— WHAT THE TASK ASKS —
In this exercise, copy exactly the lines from the one that contains "Dr. Carter - Album Version (Explicit) 歌词" through the end of the entries below; pictures are not copied.

— SOURCE DATA —
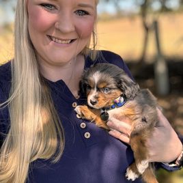 I'm Katie S., the breeder behind Blue Creek Farm located in Hogansville, GA. Our dogs are bred for health and temperament. All puppies are Vet checked prior to going to new homes. They are exposed to a variety of different animals, sounds, and experiences. Parents are Health Tested-Clear. All puppies are raised in our home/ farm around children, dogs, cats, and livestock.
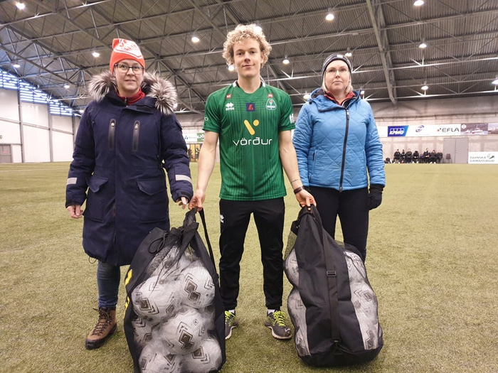 Höskuldur Gunnlaugsson, fyrirliði Breiðabliks, færði þeim Jónu Petru Magnúsdóttur frá Leikni og yngri flokkum Fjarðabyggðar (YFF) og Guðnýju Margréti Bjarnadóttur frá YFF 25 bolta sem nýtast eiga í barnastarfi hjá YFF.
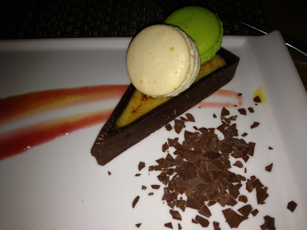 Macaroons topped the creme brulee tucked in a chocolate crust. Eh.
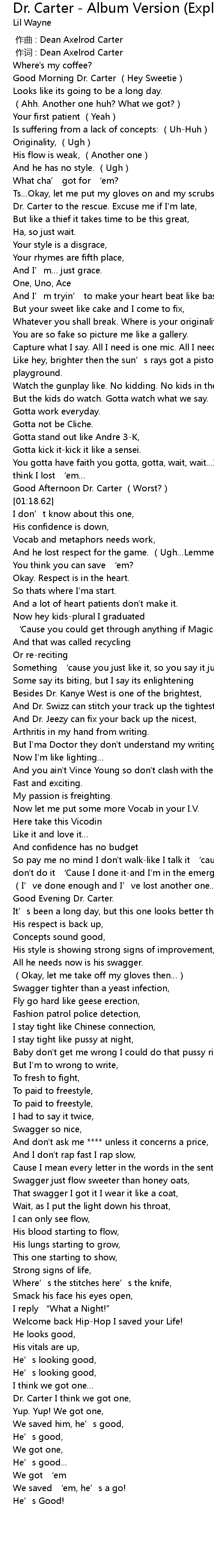 Dr. Carter - Album Version (Explicit) 歌词
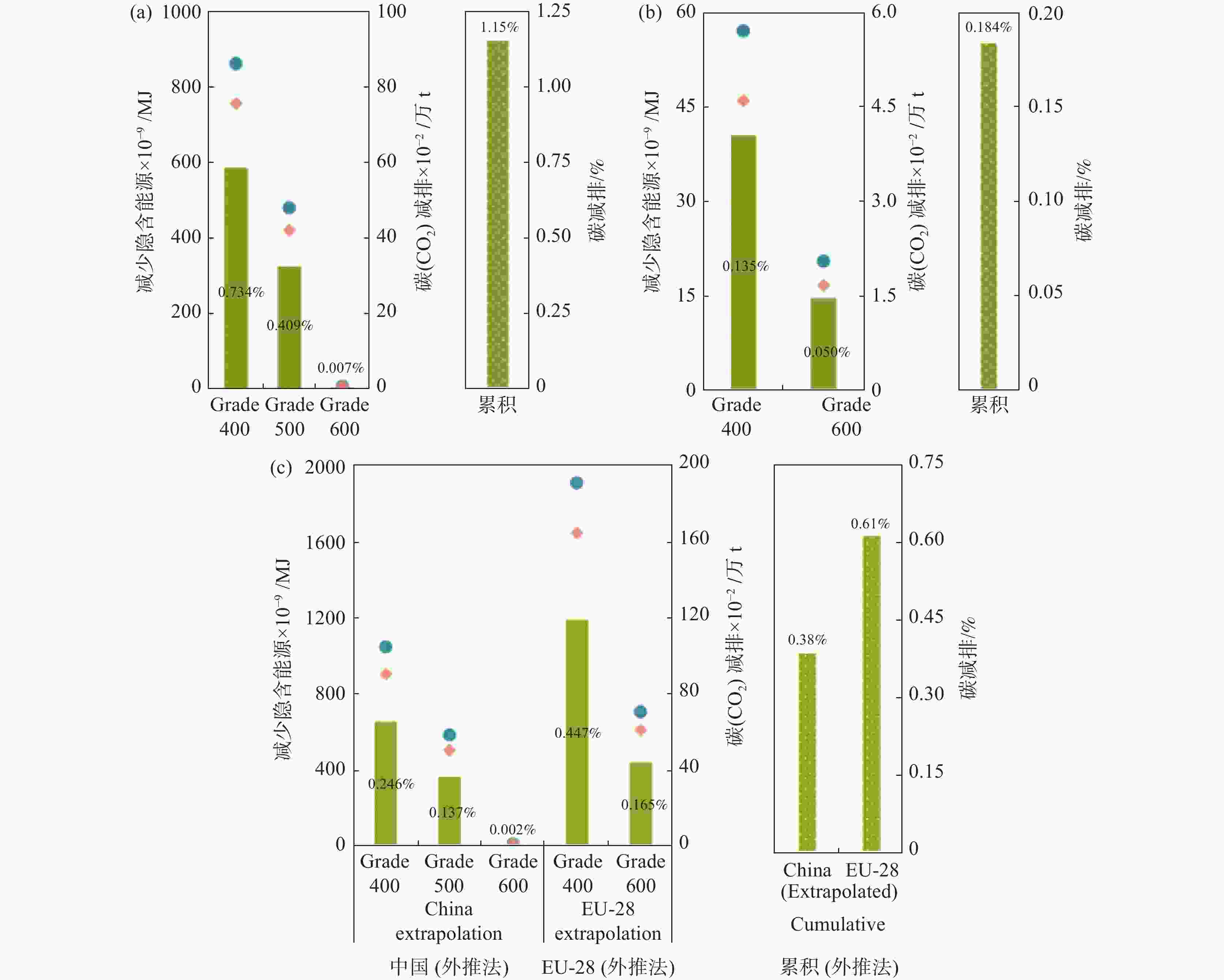 图中,减排量是使用2019年的数据计算的:(a)中国;(b)欧盟(EU-28);(c)全球(以中国和欧盟28国使用情景作为边界条件外推得到的数据)。节约的隐含能源(青色)和隐含碳(橙色)是采用螺纹钢市场的钒数据计算的,并通过已知地区的螺纹钢成分推算每个等级的钢产量和钒用量。对于全球情景分析,具体的隐含能源和隐含碳减排量是使用螺纹钢市场数据中的钒、中国和欧盟28国的数据以及每个等级占总钢比例加权钒量来计算的。以低碳钢(250 MPa)为参考,计算各等级钢的隐含能源和隐含碳的节约量。碳的减排百分比(黄绿色)是相对于各自的年度化石碳排放总量计算的
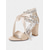 Beige Satin Crystal Embellished Open-Toe Block Heel Sandals - Women's Shoes for Wedding and Cocktail
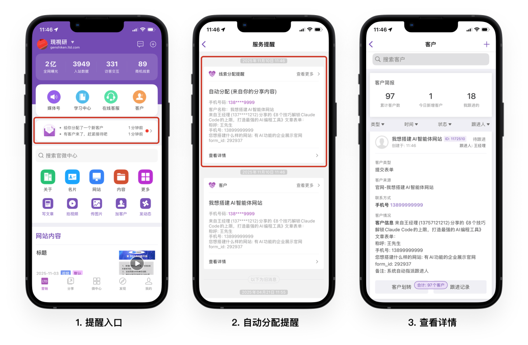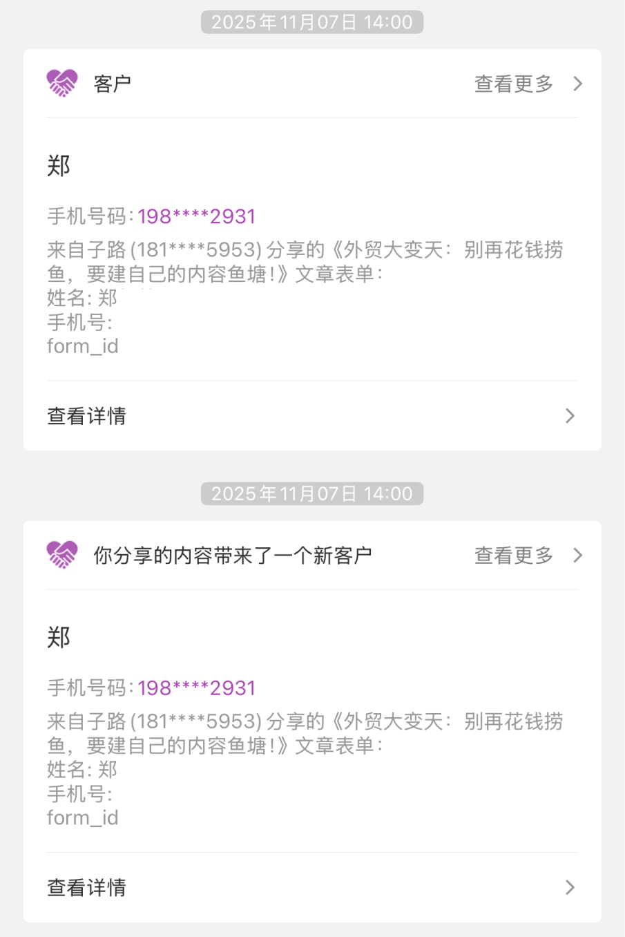 1. 自动分配线索提醒: 标题为 你分享的内容带来一条新客户

— WORKED SOLUTION —
 Dr. Carter - Album Version (Explicit) 歌词
 图中,减排量是使用2019年的数据计算的:(a)中国;(b)欧盟(EU-28);(c)全球(以中国和欧盟28国使用情景作为边界条件外推得到的数据)。节约的隐含能源(青色)和隐含碳(橙色)是采用螺纹钢市场的钒数据计算的,并通过已知地区的螺纹钢成分推算每个等级的钢产量和钒用量。对于全球情景分析,具体的隐含能源和隐含碳减排量是使用螺纹钢市场数据中的钒、中国和欧盟28国的数据以及每个等级占总钢比例加权钒量来计算的。以低碳钢(250 MPa)为参考,计算各等级钢的隐含能源和隐含碳的节约量。碳的减排百分比(黄绿色)是相对于各自的年度化石碳排放总量计算的
 Beige Satin Crystal Embellished Open-Toe Block Heel Sandals - Women's Shoes for Wedding and Cocktail
 1. 自动分配线索提醒: 标题为 你分享的内容带来一条新客户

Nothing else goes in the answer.